3.1 On simulated data, L1EM provides accurate estimates at loci with sufficient coverage

Five simulations were performed using the Flux Simulator (Griebel et al., 2012). The Flux Simulator models and simulates each step of an RNA-seq experiment: reverse transcription, fragmentation, adapter ligation, PCR amplification, gel segregation and sequencing. For each of the five simulations, we combined reads from two simulations: 30 000 proper LINE-1 reads were simulated from transcripts that exactly span each L1HS locus that includes the 5’ UTR and 500 000 passive LINE-1 reads were simulated from transcripts that begin 400 bases upstream of each L1HS or L1PA* element and continue 400 bases downstream of the element. The simulation of proper LINE-1 reads is considered the ground truth for LINE-1 expression and the simulation of passive LINE-1 reads is treated as contamination from passive co-transcription. The 76 basepair error model was used and the transcription start site variation was decreased from 25 to 5. This simulation set up was chosen to approximately align with the HEK293 RNA-seq data considered in Section 3.2.

To evaluate L1EM, we compared the number of reads assigned to L1HS ‘only’ transcripts at each locus in each simulation to the simulated expression levels in the first (proper L1HS) simulation. L1EM shows good agreement with these simulations (r2=0.83) especially at loci where at least 100 reads pairs are estimated to align (dotted line in Fig. 2, left panel.) We also tested SQuIRE (Yang et al., 2019) and counted unique L1HS alignments in these simulations.

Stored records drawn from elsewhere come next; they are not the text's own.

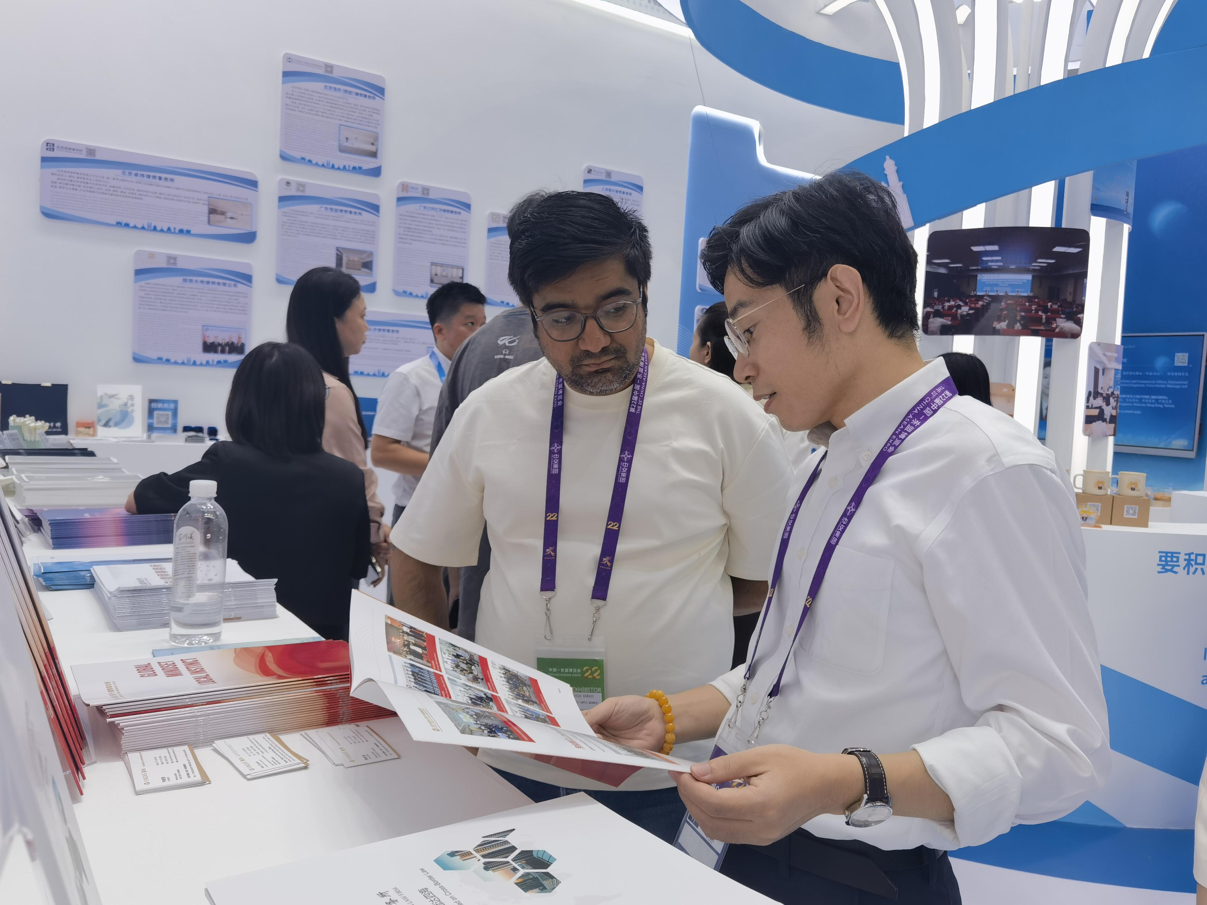 2025年9月17日,在2025年面向東盟涉外法律服務展覽會上,志愿律師向外商展示法律服務產品。
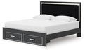 | Details | Includes upholstered panel headboard, storage footboard, platform rails and roll slats , Made with engineered wood (MDF/particleboard/plywood) and decorative laminate for the right balance of affordability and durability , Matte black finish with subtle replicated wood grain, Decorative laminate replicates natural or man-made material surfaces with consistent color, pattern and texture , Polyester upholstery , Chrome-tone and glitter accents, Large-scale chrome-tone handles with faceted details, 2 smooth-gliding drawers , Drawer interiors are lined with a faux linen laminate for a clean, finished look , Bed does not require additional foundation/box spring; accommodates most zero clearance adjustable bases with the addition of a bunkie board, Mattress available, sold separately, Minor assembly required | |
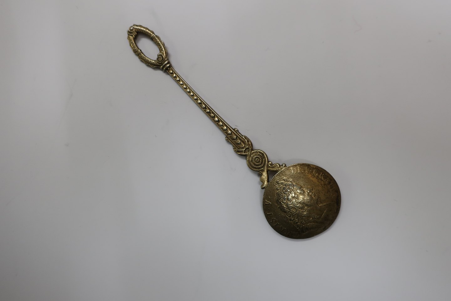 Sukkerske i sølv med mønt. Dansk 1 krone 1693 (Christian V). Længde 12,3 cm
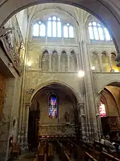 Pour venir aux murs hauts au niveau de l'étage du triforium, leur nudité est compensée par une largeur réduite des murs et donc un rapprochement des supports rythmant les murs, et surtout par une meilleure régularité. Une régularité existe quand même : la dernière travée est moins profonde que les trois précédentes. À partir du bandeau qui marque le début de l'étage des fenêtres hautes, les colonnettes correspondant aux formerets manquent au début de la troisième travée. Les formerets retombent ici sur des consoles, et tous les formerets subsistent, bien que sans emploi. Les voûtes du XIXe siècle ne peuvent pas les réutiliser, car étant établies sur des croisées d'ogives simples, mais l'emploi d'un profil anachronique traduit aussi l'absence de volonté de reconstituer la disposition primitive. Les fenêtres sont à trois lancettes trilobées dans la troisième et la quatrième travée, et à trois formes à cintre surbaissé dans la cinquième et la sixième travée. Elles sont toujours surmontées d'un ovale et de deux demi-ovales. En haut du chevet, l'on trouve deux fenêtres au remplage Renaissance standard de deux formes en plein cintre surmontées d'un oculus. Partout les pourtours ont été refaits, et le remplage se trouve ainsi engagé dans les murs, même là où les meneaux d'origine ne subsistent plus. Ceci montre qu'il y a eu des réparations importantes à deux reprises : d'abord réfection du remplage, puis réfection des murs sans toucher au remplage des fenêtres.

SQuIRE does not explicitly differentiate between proper and passive transcription, but it does estimate the start and stop of each repeat associated transcript. Therefore, we defined transcripts that start 50 bases or more upstream to be passive, and treated other transcripts as being indicative of proper LINE-1 expression. SQuIRE provides similar estimates at most loci (Fig. 2, center), but some proper transcription is misclassified as passive and vice versa, decreasing the overall agreement between simulation and estimation (r2=0.7). Merely counting unique alignments yields a poor estimate (Fig. 2, right).

Fig. 2.

Fig. 2.

Simulated data. Simulations were performed using the Flux Simulator. Note that plots have a square root scaling. Left: L1EM shows good agreement with simulation. Center: SQuIRE performs well but sometimes struggles to separate proper LINE-1 transcription from passive co-transcription. Right: Simply counting unique alignments yields a poor estimate

To test our choice of aligner and alignment parameters, we calculated the fraction of simulated L1HS reads that align, and the fraction of those for which the correct alignment is one of the candidates. bwa aln aligned 79% of the simulated reads, and for 99% of those the correct alignment was one of the candidates. Using TCGA STAR parameters, 72% aligned, with 67% having the correct alignment as one of the candidates. Increasing the number of allowed alignments to 1000 (as per SQuIRE), the fraction of read that align rose to 77%, with 93% of those having the correct alignment as a candidate. Surprisingly further increasing this parameter to 10 000 yielded worse results.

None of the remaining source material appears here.